Task objective — Every line from the one holding "Der Silikon-Keuschheitskäfig Cock" through the one holding "En vacker kristallkrona" in the data below must be returned exactly, both ends included, with pictures left out and nothing else added.

Dataset excerpts —
- Opening Delimiter -
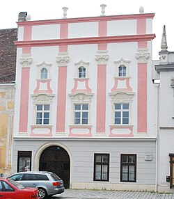 Die Fassade des Hauses aus der zweiten Hälfte des 16. Jahrhunderts ist einmal rechtwinkelig abgestuft. An der vorspringenden Fronthälfte befinden sich zwei Stuckmedaillons mit Darstellungen eines Brustbildes der heiligen Johannes Nepomuk und Josef. | BDA-Hist.: Q37953879 Status: Bescheid Stand der BDA-Liste: 2024-06-15 Name: Wohn- und Geschäftshaus, ehem. Turmhaus GstNr.: 176 Grätzl 2, Eggenburg |
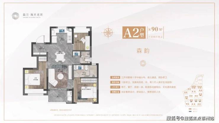 1、建面约90㎡做到了三房两卫,构筑老、中、青三代人美好生活蓝图。格局上实现了真正的全明空间与南北通透,客厅、餐厅、厨房一体,联通多功能阳台,采光通风俱佳。
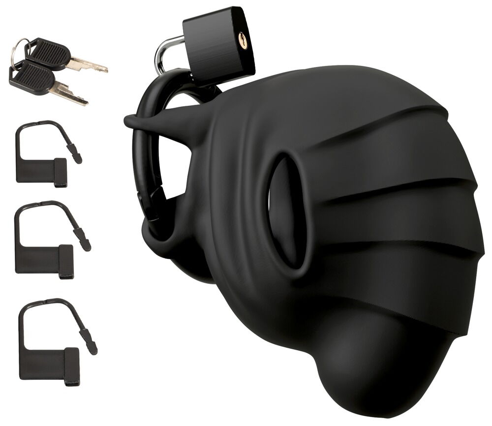 Der Silikon-Keuschheitskäfig Cock & ball cage von Black Velvets schließt Penis und Hoden aufregend ein. Perfekt auf die männliche Anatomie abgestimmt, lässt sich der flexible Käfig leicht an- und ablegen. Das samtig softe Silikon passt sich optimal und komfortabel an. Ein fester Ring hält den leichten Silikon-Käfig fest und sicher am Gemächt. Durch eine untere Öffnung ist urinieren möglich. Selbstverständlich ist der Penis-/Hodenkäfig abschließbar – 1 Vorhängeschloss mit Schlüsseln sowie 3 Einwegschlösser sind inklusive.
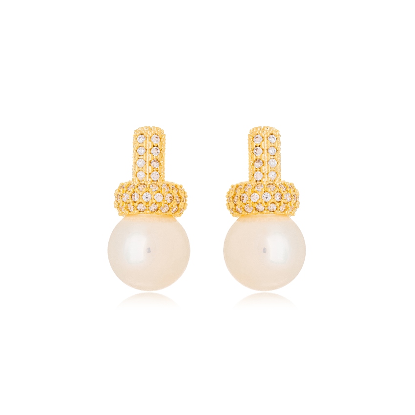 BRINCO PÉROLA SHELL CRAVEJADO COM MICRO ZIRCÔNIAS OURO 18K
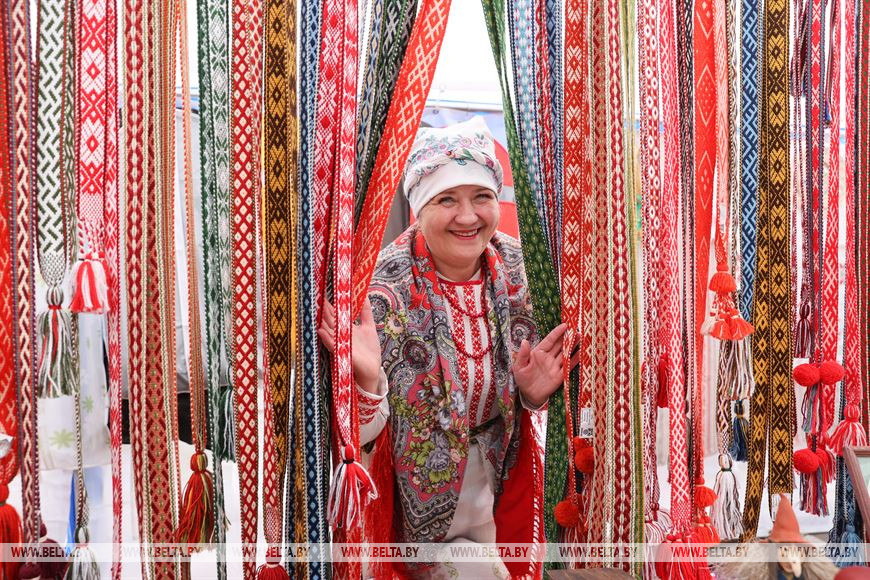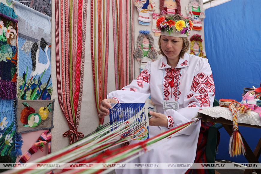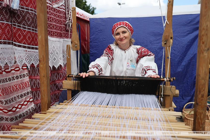 На выставке представлено ткачество в различных его видах: рушники, одежда, пояса. Были показаны не только сами изделия, но и процесс их изготовления. Руководитель кружка Крупицкого центра культуры имени В.Н.Грома Ирина Дернаковская рассказала о фестивале и своем ремесле. "Я народный мастер по ткачеству и делаю белорусские пояса, занимаюсь этим около 15 лет. Эта работа далась мне легко, она у меня на генетическом уровне. Обе мои бабушки занимались ткачеством. Сейчас я с удовольствием тку белорусские народные пояса", - сказала Ирина Дернаковская. Помимо самого ткачества, она собирает традиционные белорусские узоры и изучает их значение, а также обучает детей. "У меня с удовольствие ткут даже мальчики", - отмечает она.
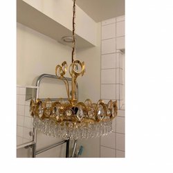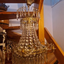 En vacker kristallkrona i mässin och nya fina kristallprismor.
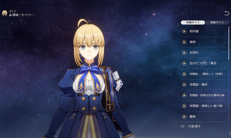 Ver.3.5以降、設定からキャラボイスを切り替えずに、キャラクター詳細→情報→ボイスからコラボキャラクターの待機ボイス、戦闘ボイスそして待機モーションボイスをFate[UBW]公式声優ボイス(日本語ボイス)に切り替えることができます。
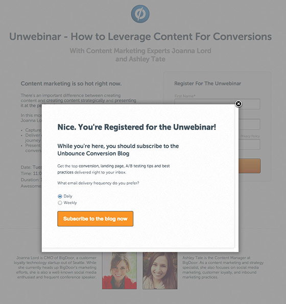 2,500 people registered for the webinar, and of those 40% subscribed to the blog! That's 1,100 extra blog subscribers just by adding a CTA to the confirmation page of a webinar lead gen form.
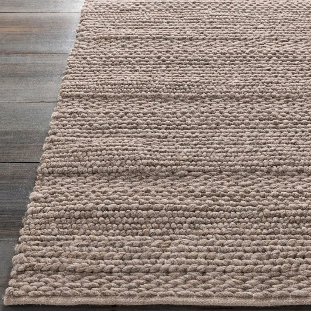 Collection: Newfolden Colors: Charcoal, Ivory, Dark Red Construction: Hand Woven Material: 100% Wool Pile: No Pile Styles: Contemporary Made In: India Thickness: 0.98" Price Range: $$$$$ (Affordable)
- Closing Delimiter -
Solution for this problem —
 Der Silikon-Keuschheitskäfig Cock & ball cage von Black Velvets schließt Penis und Hoden aufregend ein. Perfekt auf die männliche Anatomie abgestimmt, lässt sich der flexible Käfig leicht an- und ablegen. Das samtig softe Silikon passt sich optimal und komfortabel an. Ein fester Ring hält den leichten Silikon-Käfig fest und sicher am Gemächt. Durch eine untere Öffnung ist urinieren möglich. Selbstverständlich ist der Penis-/Hodenkäfig abschließbar – 1 Vorhängeschloss mit Schlüsseln sowie 3 Einwegschlösser sind inklusive.
 BRINCO PÉROLA SHELL CRAVEJADO COM MICRO ZIRCÔNIAS OURO 18K
 На выставке представлено ткачество в различных его видах: рушники, одежда, пояса. Были показаны не только сами изделия, но и процесс их изготовления. Руководитель кружка Крупицкого центра культуры имени В.Н.Грома Ирина Дернаковская рассказала о фестивале и своем ремесле. "Я народный мастер по ткачеству и делаю белорусские пояса, занимаюсь этим около 15 лет. Эта работа далась мне легко, она у меня на генетическом уровне. Обе мои бабушки занимались ткачеством. Сейчас я с удовольствием тку белорусские народные пояса", - сказала Ирина Дернаковская. Помимо самого ткачества, она собирает традиционные белорусские узоры и изучает их значение, а также обучает детей. "У меня с удовольствие ткут даже мальчики", - отмечает она.
 En vacker kristallkrona i mässin och nya fina kristallprismor.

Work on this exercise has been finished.